The effect of Cu content on structure, hydrogen storage, and electrochemical properties of LaNi4.1-x Co0.6Mn0.3Cu x alloys has been investigated. For sample, A, B, C, and D are used to represent alloys (x = 0, 0.15, 0.3, and 0.45), respectively. The results indicate that the four alloys are all single-phase alloy with LaNi5 phase of CaCu5 hexagonal structure, the hydrogen storage capacities of the alloy are about 1.49 wt% (A), 1.48 wt% (B), 1.43 wt% (C), and 1.25 wt% (D) at 303 K. With the increase of Cu content (x) from A to D, hydrogen desorption plateau pressure and pressure hysteresis decrease.
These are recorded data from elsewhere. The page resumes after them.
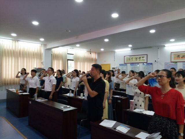 在培訓(xùn)開始前,學(xué)校德育處蔡海雄主任帶領(lǐng)全體教師進(jìn)行了莊嚴(yán)的宣誓儀式,讓教師們不忘教育初心,崇德向善,爭(zhēng)做“四有”好教師。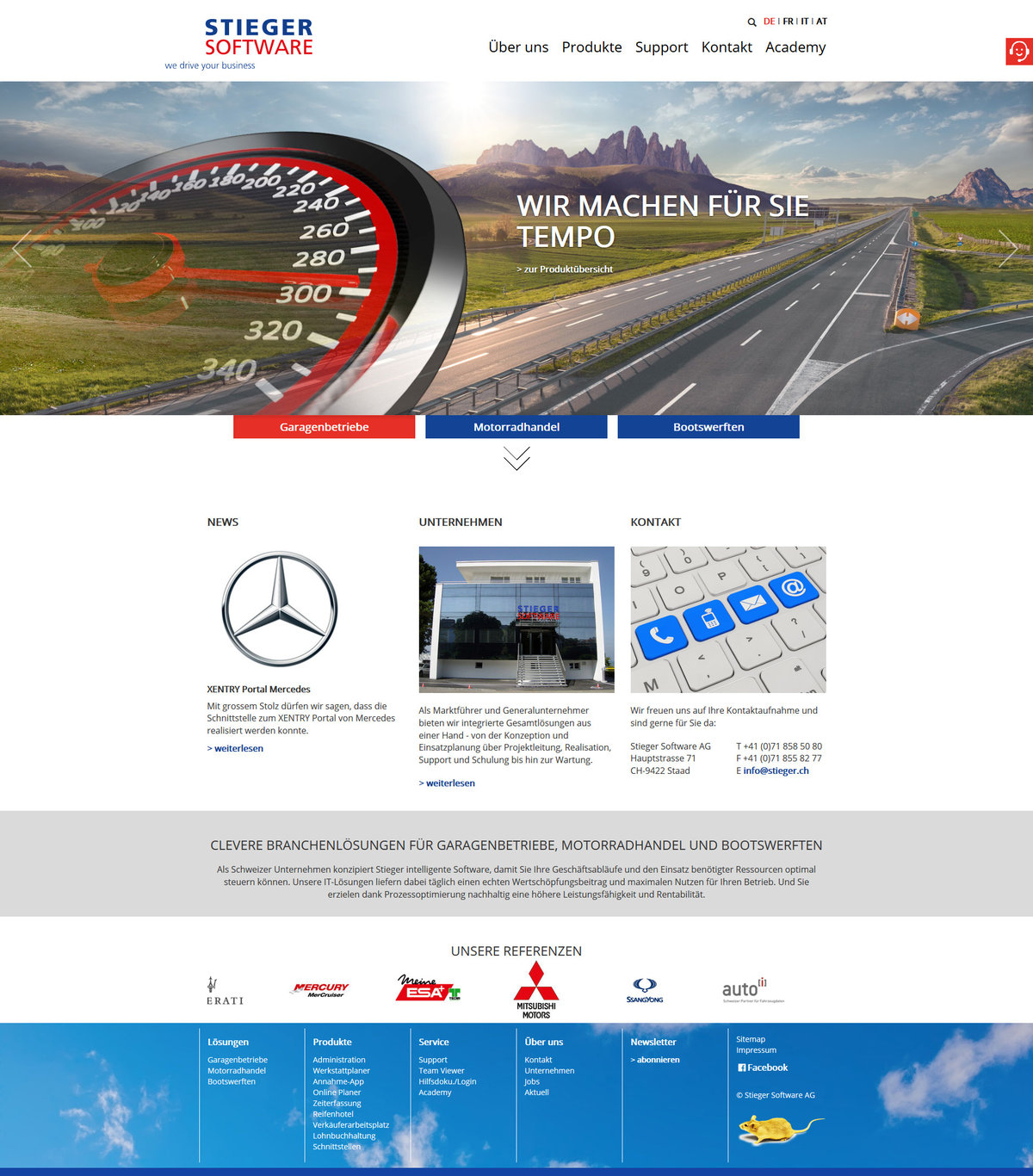 Die Stieger Software AG aus Staad ist die Nummer 1 auf dem Schweizer Software Markt für Garagensoftware, für Software für den Motorradhandel und für Bootwerften. Stieger bietet Gesamtlösungen exakt auf die Branche abgestimmt. In Zusammenarbeit mit der Kommunikationsagentur des Kunden realisiert visions.ch die neue Website die viel Information und Kundennutzen bietet. Neben Produktinformationen realiserte visions.ch eine interaktive mehrsprachige Kursverwaltung mit E-Mail Funktionen und Kursmanagemet z.B. Zuodernung des Kursleiters im Backend. Buchbar sind Einzel- und Kombikurse. Die Page ist mehrsprachig und bietet differenzierte deutschsprachige Inhalte für CH und AT. Weitere Features sind Newsbereich mit Archivfunktion, Newsletter, visualisierte Standorte und geschützte Bereiche.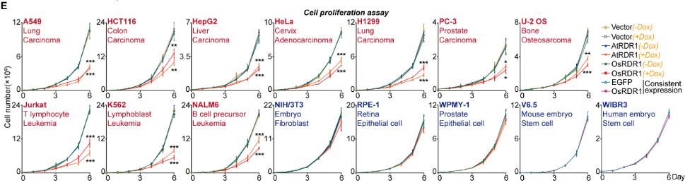 AtRDR1和OsRDR1廣譜且特異的抑制癌細(xì)胞增殖,但不影響非癌細(xì)胞系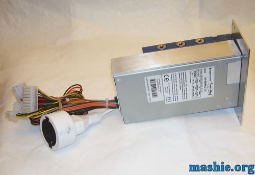 ![]() The stainless steel bracket is used for installing the PSU in the hole of a normal ATX supply.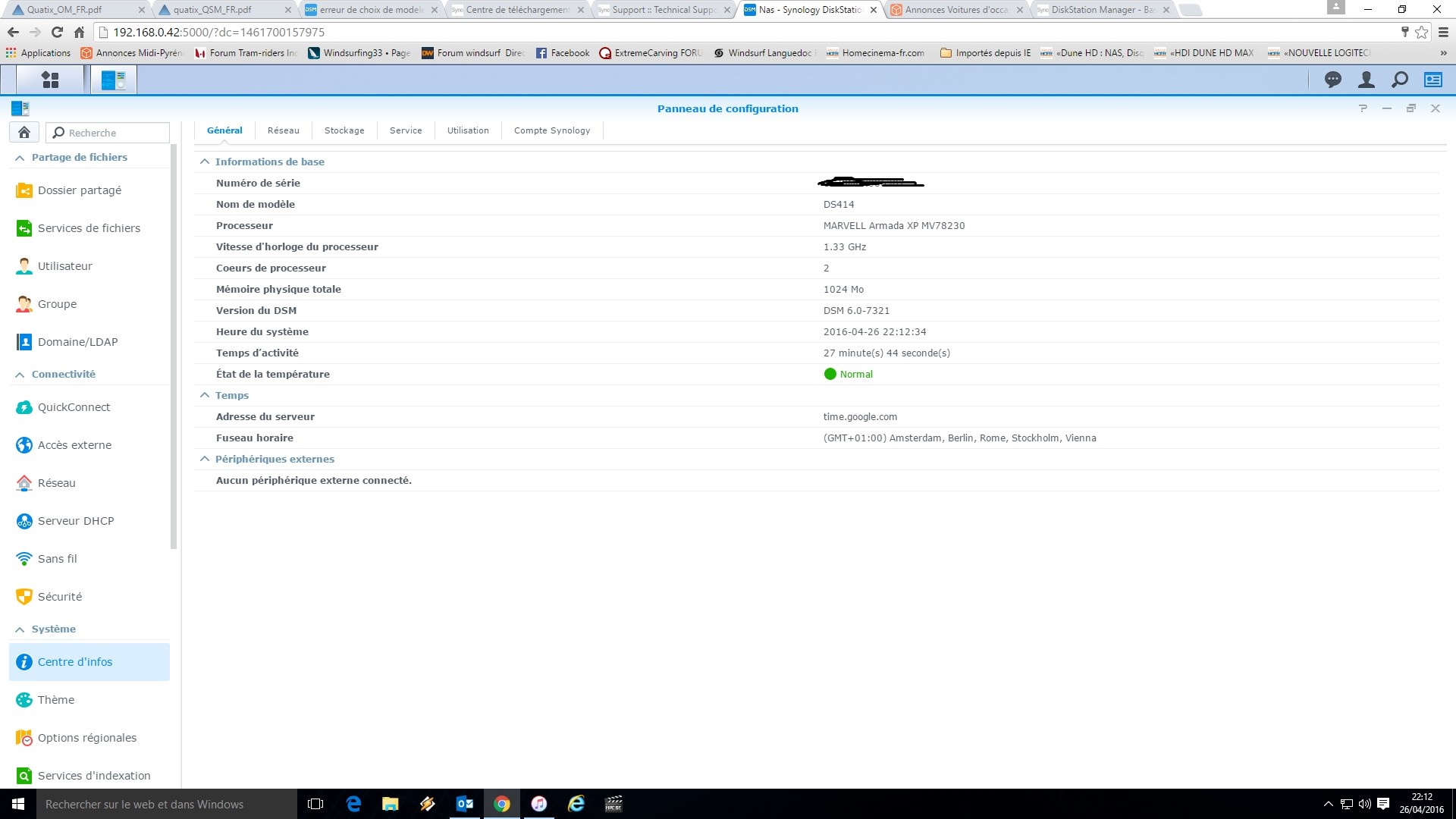vu la capture,  le modèle est bien un DS414..... tu l'as acheté où ton Syno ? parce que là , y a un problème .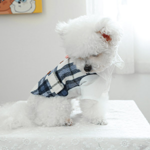 工場直送/在庫あり 新製品 ペット服 犬猫服 秋冬 暖かいブルーチェック柄タキシード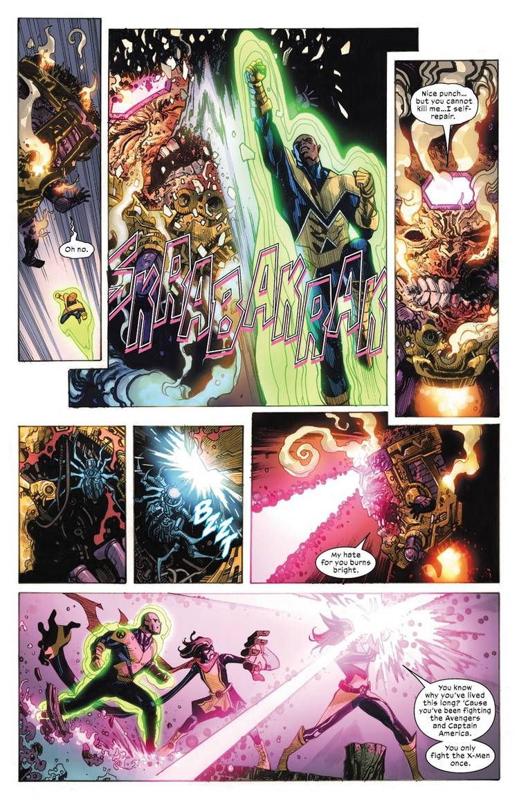 X Men El número 34 está escrito por Gerry Duggan y dibujado por Joshua Cassara. MODOK, quien recientemente se alineó con Orchis contra los X-Men, está luchando contra Synch, Ms. Marvel y otros miembros del equipo. Synch le da lo que debería haber sido un golpe devastador a MODOK, pero en lugar de eso, el villano se jacta de “autorepararse”. En ese momento, pequeñas arañas mecánicas salen de su cuerpo y comienzan a reparar el tejido de la piel y los huesos.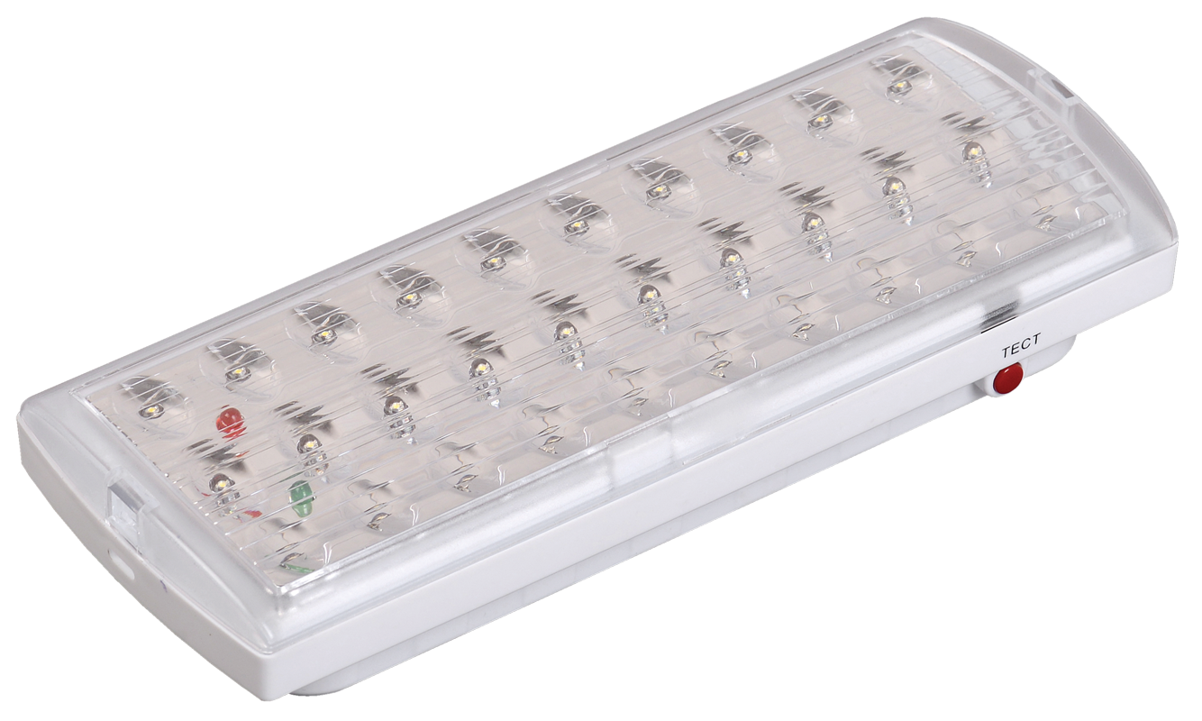 Преимущества: Встроенный никель-кадмиевый аккумулятор. Встроенная защита от глубокого разряда и перезаряда аккумулятора. Встроенная кнопка "Тест", предназначена для проверки работоспособности светильника, имитирующее падение напряжения сети рабочего освещения. Визуальный контроль состояния светильника и батареи. На переднюю панель корпуса выведены два светодиода (индикатора). Зеленый – процесс зарядки аккумулятора. Красный – светильник подключен к сети, аккумулятор заряжен полностью. Работа от аккумулятора – 4ч. Светильники загораются в течение 5 секунд, после падения напряжения рабочего питания.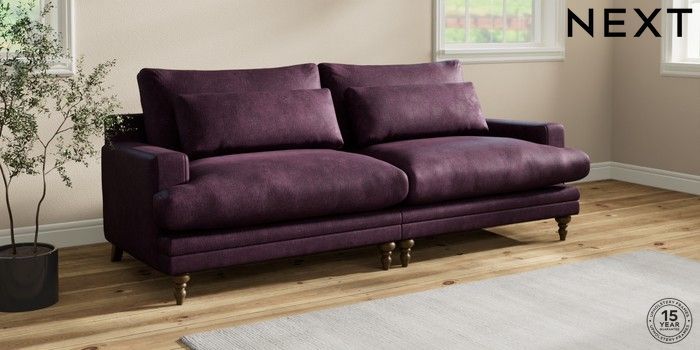 7.0.3 Buy Hutton Deep Relaxed Sit 4 Seater Sofa Plush Chenille Dark Plum Purple Country Turned - Mid from the Next UK online shop Click here to use our accessible website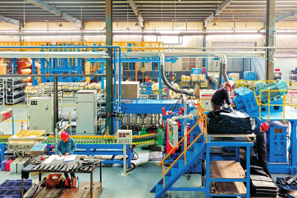 2月24日,山西酷纳斯通橡胶科技有限公司自动化生产线高速运转,数十种型号轮胎接连下线。

Alloy electrode A shows better activation property and higher capacity (334.44 mAh/g). The addition of Cu improves the cyclic stability of the alloy electrodes when x = 0 ~ 0.45. However, their self-discharge properties and high-rate dischargeability (HRD) decrease with the increase of x. Further, electrochemical kinetics and electrochemical impedance spectroscopy (EIS) analysis show that the reaction of alloy electrode is controlled by charge transfer step, and the adding of Cu benefits the electrode properties in alkaline solution.